At this point, I’m just sort of fed-up.  I haven’t had a single 5-star read off this list, I’ve read two that I positively HATED, and if I have to read another book about motherhood I’m going to fucking scream.  Luckily the 3 shortlisted titles that I haven’t already read (A Thousand Ships, Mantel, Hamnet) are the 3 that I was most looking forward to off the longlist, so, that was fortuitous, and I’ll definitely be reading those.  As for the rest… nope!


So a group of blogging friends and I decided to take the initiative to create our own 2020 longlist.  In a perfect world where we were the judges, these are the books we would have longlisted this year (adhering to all the Women’s Prize eligibility criteria):

It’s a group of 8 of us, so we each put forward 2 titles.  (See if you can guess mine.)

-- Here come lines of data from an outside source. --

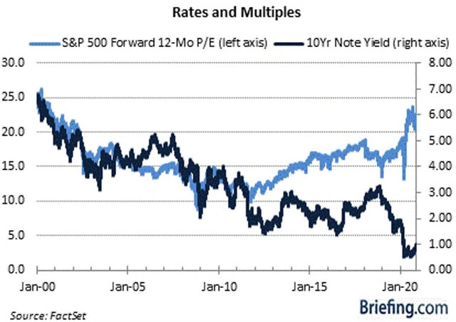 S tou otázkou vás posílá Jeremy Grantham, že ano?! Ne, bublina to není. Ocenění akcií vzhledem z ziskům a tržbám je opravdu vysoké, to ano, ale je potřeba vnímat, jak nízké jsou úrokové sazby. Před dvaceti lety trh začal padat z forwardového P/E 26, ale výnos 10letých vládních bondů USA byl přes 6 %. V současnosti je stále pod procentem a forwardové P/E je "jen" okolo 22.
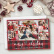 Modern Calligraphy Heart Script 5 Photo Family Photo Collage Merry Christmas Card - Red Plaid
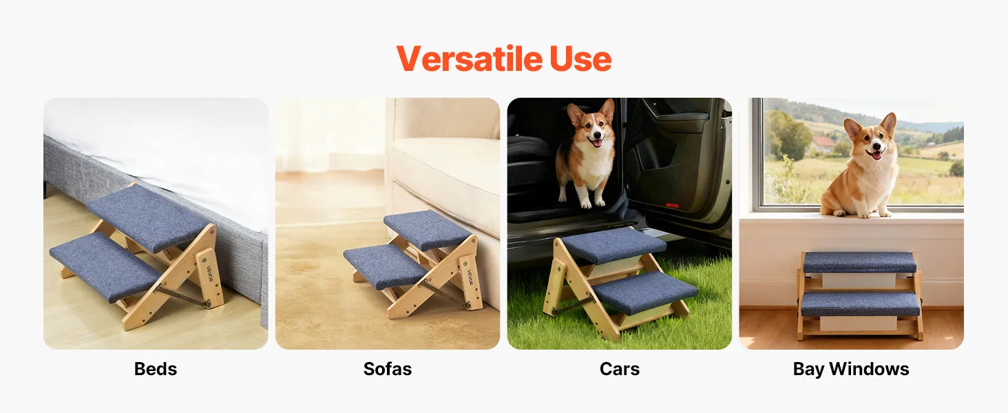 Sturdy and Secure Support: The dog stairs is built with a strong wooden frame that supports pets up to 110 lbs (50 kg). Large screws add stability, and non-slip rubber pads on the bottom avoid wobbling while helping pets climb securely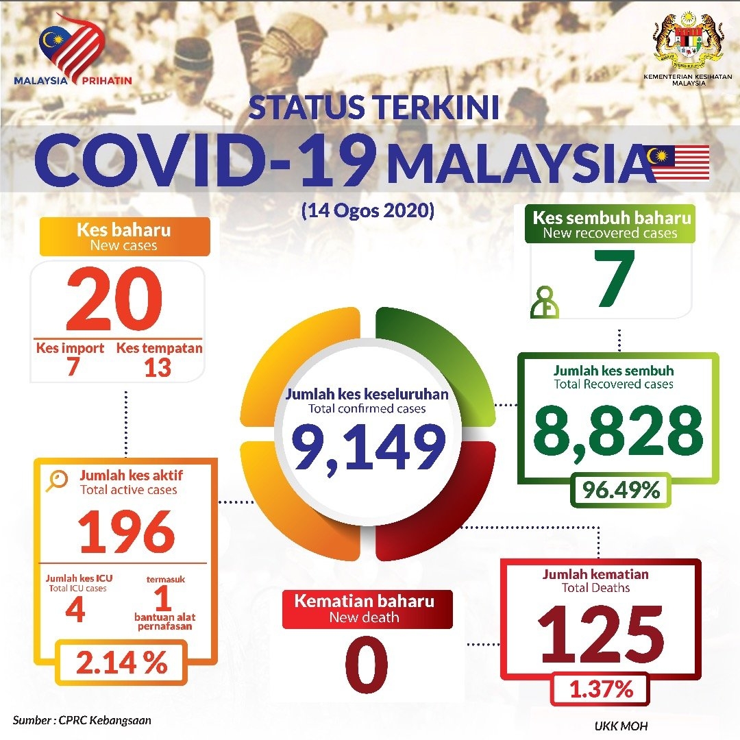 It is back to double-digit again as Malaysia records 20 new COVID-19 cases today. This brings the total number of positive cases to 9,149. Fortunately, there are no new deaths reported and the death toll remains at 125.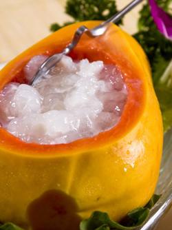 將重0.7公斤左右的木瓜頂部切去2/5做蓋,挖出木瓜的核和瓜瓤做盅。將冰糖和水一起煲溶后,放入洗凈的雪蛤膏煲半小時(shí),加入鮮奶,滾后注入木瓜盅內,加蓋,用牙簽插實(shí)木瓜蓋,隔水燉一小時(shí)即可。木瓜香滑,雪蛤晶瑩透亮,有潤膚養顏的功效。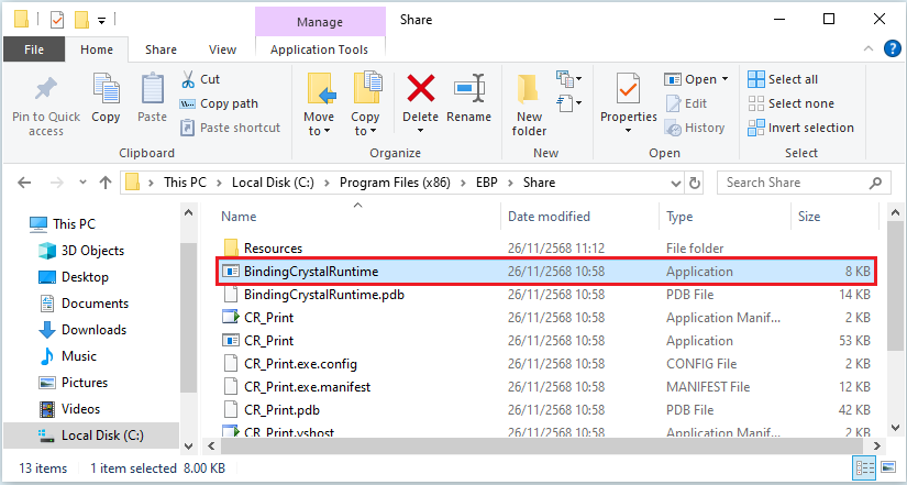 9. ทำการดับเบิ้ลคลิกที่ไฟล์ BindingCrystalRuntime.exe โดยเข้าไปที่ Path : C:/Program Files (x86)/EBP/Share

The Judges: Callum, EmilyHannahMarijaNatySarahSteph, and myself.

The longlist:

  1. The Man Who Saw Everything by Deborah Levy | review ★★★★★
  2. My Dark Vanessa by Kate Elizabeth Russell | currently reading
  3. Ninth House by Leigh Bardugo
  4. Girl, Woman, Other by Bernadine Evaristo | review ★★★★☆
  5. The Mercies by Kiran Millwood Hargrave
  6. Ducks, Newburyport by Lucy Ellmann
  7. The Body Lies by Jo Baker | review ★★★★★
  8. The Fire Starters by Jan Carson | review ★★★★★
  9. Disappearing Earth by Julia Phillips | review ★★★★★
  10. Bunny by Mona Awad
  11. Supper Club by Lara Williams
  12. My Name is Monster by Katie Hale
  13. Actress by Anne Enright
  14. Call Down the Hawk by Maggie Stiefvater
  15. The Bass Rock by Evie Wyld
  16. Frankissstein by Jeanette Winterson | review ★★★★☆

All of us have a bit of literary prize fatigue at the moment, so we aren’t setting ourselves a deadline to read the list and come up with a shortlist.  It’s just something we’re going to meander through and hopefully revisit in a few months’ time.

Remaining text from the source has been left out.